Atento todo o exposto, dúvidas não restam que assiste razão à apelante neste particular, julgando-se verificada a nulidade, ainda que parcial, da sentença recorrida, por violação do princípio do contraditório.

Importa averiguar agora das consequências de tal nulidade.

Prescreve o art.º 195º, nº 2, do NCPC o seguinte: “Quando um acto tenha de ser anulado, anulam-se também os termos subsequentes que dele dependam absolutamente; a nulidade de uma parte do acto não prejudica as outras partes que dela sejam independentes.”. E ascescenta o nº 3, da mesma norma que “Se o vício de que o acto sofre impedir a produção de determinado efeito, não se têm como necessariamente prejudicados os efeitos para cuja produção o acto se mostre idóneo.”.

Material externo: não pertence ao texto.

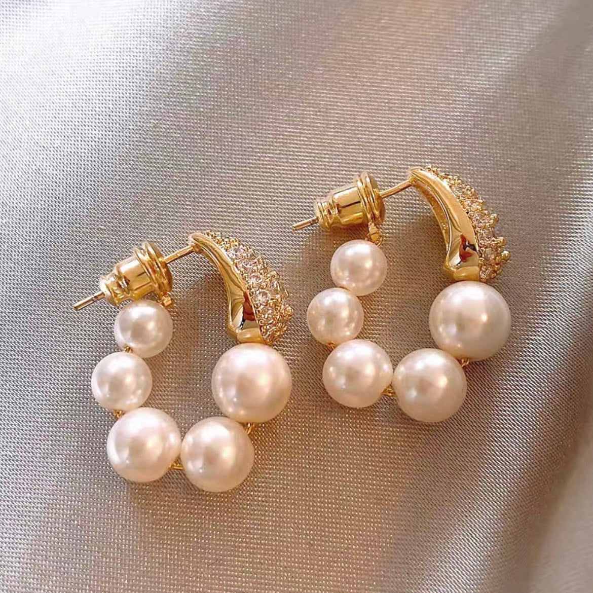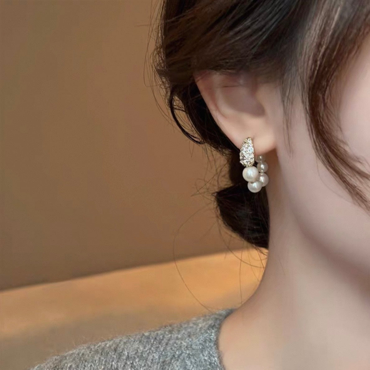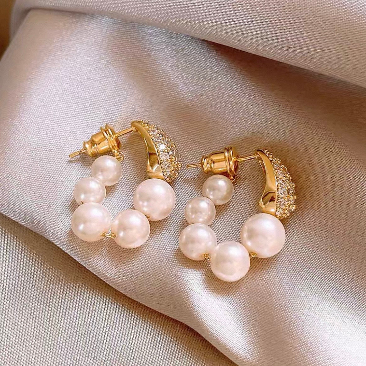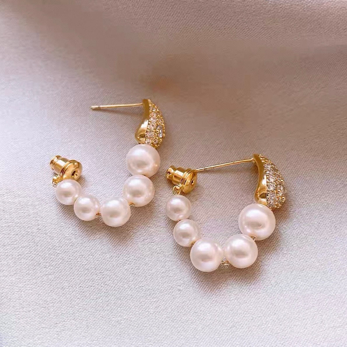 繊細にきらめくビジューと、なめらかな艶をまとったパールを三日月のようなフォルムに仕上げました。

Este sistema remete-nos, pois, para uma análise casuística, susceptível de só invalidar o acto que não possa, de todo ser aproveitado (vide, Abrantes Geraldes, Paulo Pimenta e Luís Pires de Sousa, Código de Processo Civil Anotado, vol. I, p. 235). 

No caso, afigura-se-nos que a verificação da nulidade acima assinalada não implica a devolução dos autos à 1ª instância para cumprimento do contraditório omitido, mas antes que se desconsidere e elimine a factualidade indevidamente inserida no elenco dos factos provados (assim, Paulo Faria e Ana Luísa Loureiro, in Primeiras Notas ao Novo Código de Processo Civil, vol. I, p. 606 e ac. da RP de 21.02.2022, relatado por Eugénia Cunha e acessível in www.dgsi.pt) e ainda que se conheça do restante objecto da apelação, conforme prevê e permite o art.º 665º, nº 1, do NCPC, o que passaremos a fazer de seguida."

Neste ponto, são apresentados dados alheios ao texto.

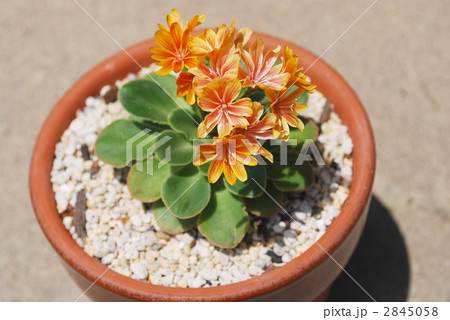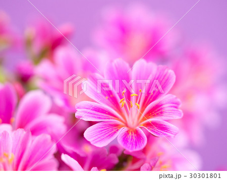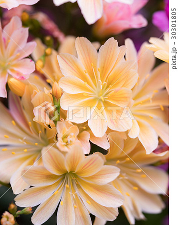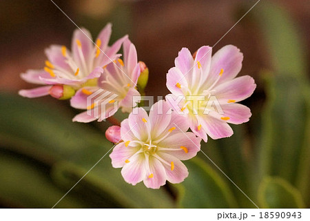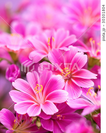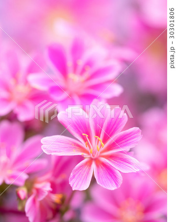 レウイシア、次から次へと咲き続ける。乾燥に強く、多湿に弱いが、育てやすい。青空。花イメージ素材

3. [Comentário] Ao arrepio do entendimento que se tornou prevalecente, a RG qualifica a decisão-surpresa como uma nulidade processual (art. 195.º, n.º 1). Salvo o devido respeito, a RG esqueceu-se de que não tem competência para apreciar as nulidades processuais, já que estas devem ser reclamadas perante o próprio tribunal que as cometeu (art. 196.º CPC). Assim, o próprio acórdão da RG é nulo por excesso de pronúncia, porque conhece de uma matéria para a qual não tem competência decisória (art. 615.º, n.º 1, al. d), e 666.º, n.º 1, CPC) (para maiores desenvolvimentos clicar aqui).

A decisão tomada pela RG também peca por ser demasiado formal, porque sem cuidar da importância dos factos considerados pela 1.ª instância para a "justa composição do litígio", pura e simplesmente desconsidera esses factos.